ArcGIS Business Analyst

An authoritative guide to hexagons in Business Analyst: The basics

Business Analyst Web App users have been mapping with hexagons since February 2024, using them as a geography option in popular workflows: color-coded maps, smart map search, and suitability analysis. Although they are simple six-sided shapes, hexagons are actually quite complex mapping tools. This article will provide an introduction to hexagons and helpful terminology to know as you use them.

What are mapping hexagons and how are they supported in ArcGIS?

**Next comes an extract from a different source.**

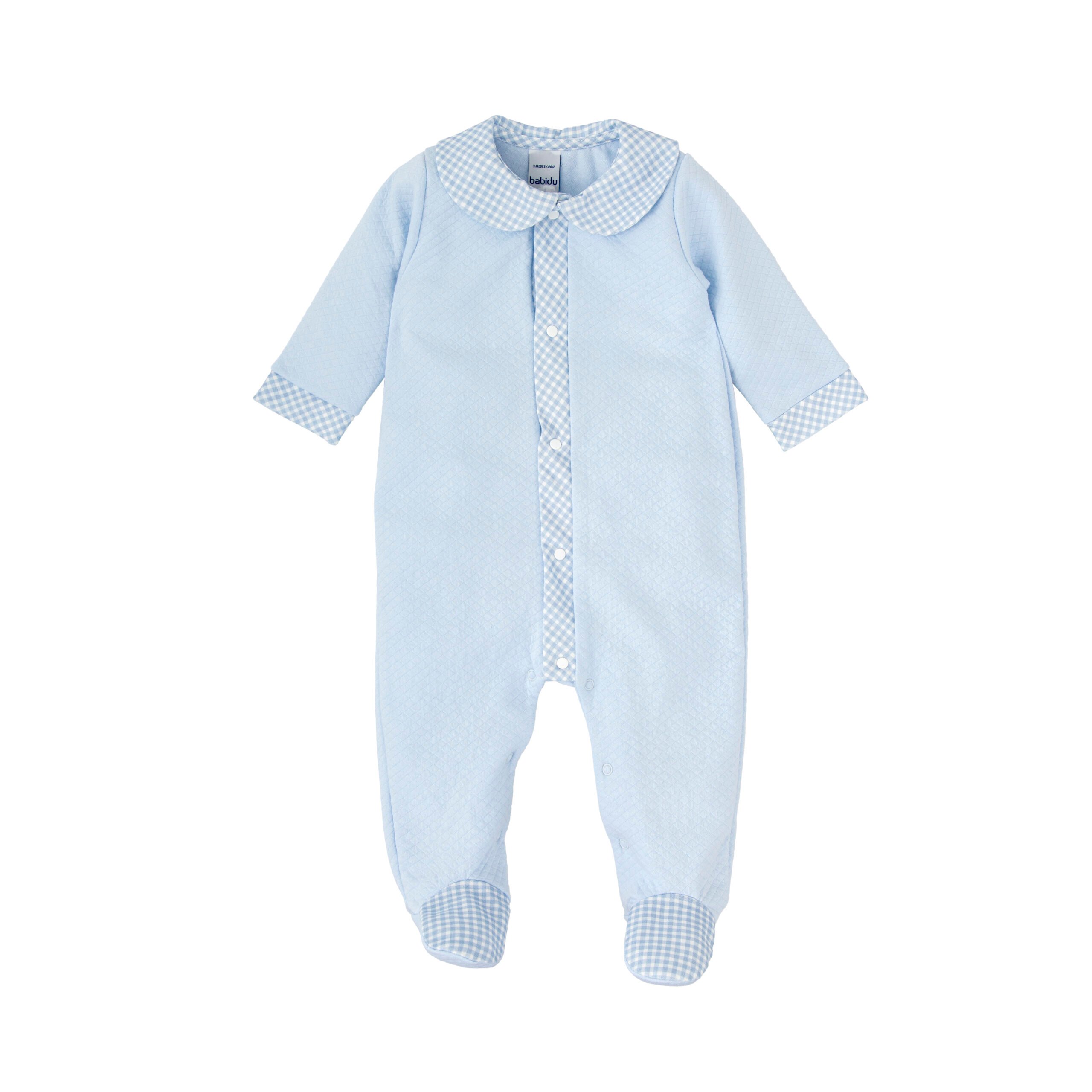 Pale blue with cute gingham trims, this lovely Babidu babygrow for boys and girls is made in soft cotton jersey with a fine diamond pattern. It features a sweet rounded collar and fastens with poppers on the front and between the legs for quick and easy changing.

A hexagon is a shape used to create a tessellated grid of regular, commonly shaped polygon features that cover a given extent on a map. The types of gridded polygons that can be created varies across ArcGIS products. Independent of product, all tessellated grids fit into three common shapes (hexagon, square, or triangle) that can also be rotated to form other tessellated grids (transverse hexagon and diamond).

Various grid shapes

Square and diamond grids are often known as fishnet grids because they resemble fishnets, while hexagonal grids most resemble chicken wire.

Business Analyst users of both the Pro and Web apps most commonly use Uber H3 hexagons, which are a widely adopted global grid system, and abbreviated to H3 hexagons.

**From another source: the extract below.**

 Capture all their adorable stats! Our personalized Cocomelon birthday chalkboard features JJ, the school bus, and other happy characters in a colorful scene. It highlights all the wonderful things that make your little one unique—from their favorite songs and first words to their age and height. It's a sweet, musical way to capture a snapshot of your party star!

Product Hexagon capabilities
ArcGIS Pro Supports triangles, squares, diamonds, hexagons, H3 hexagons, and transverse hexagons. Demographic attributes can be added to these shapes using the GeoEnrichment service.
Business Analyst Pro Provides a geoprocessing tool, Generate Grids and Hexagons, to create squares, hexagons and H3 hexagon tessellations. Demographic enrichment can be performed at the same time by apportioning to the polygon shape or a buffer (distance, drive-time, etc.) around the shape centroid.
Business Analyst Web App Provides demographic data pre-tessellated into H3 hexagons for users with an Advanced license. Available for color-coded maps, smart map search, and suitability analysis.

 

How do hexagon grids differ from square grids?

Hexagons are the most efficient way to tessellate a shape and reduce the sampling bias of square grids. Not only do squares have a high perimeter-to-area ratio, the distance from the centroid of the grid to its closest neighbors (enclosing eight cells) is different along the x- and y-axes, when compared to the diagonals.

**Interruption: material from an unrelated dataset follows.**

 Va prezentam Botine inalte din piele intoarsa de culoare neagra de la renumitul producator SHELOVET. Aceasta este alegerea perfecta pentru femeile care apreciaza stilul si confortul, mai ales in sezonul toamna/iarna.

A circle has the lowest perimeter-to-area ratio but cannot form a continuous grid without holes. Hexagons are the closest shape to a circle that can still form a grid without gaps. This property, known as circularity, allows it to represent continuous distributions (curves) in the patterns of your data more naturally than square grids.

Hexagons have a mathematically consistent model for proximity between the centroid of a hexagon and all its connected neighbors. Hexagons are more similar to a circle than other polygons, so any point within the hexagon is closer to the centroid of the hexagon polygon than any point outside of it. This is not true for squares, where points near the border and on the diagonals are further away from the centroid than those on the major axes. This is especially true of points near the vertices where four squares join, as shown in the images below.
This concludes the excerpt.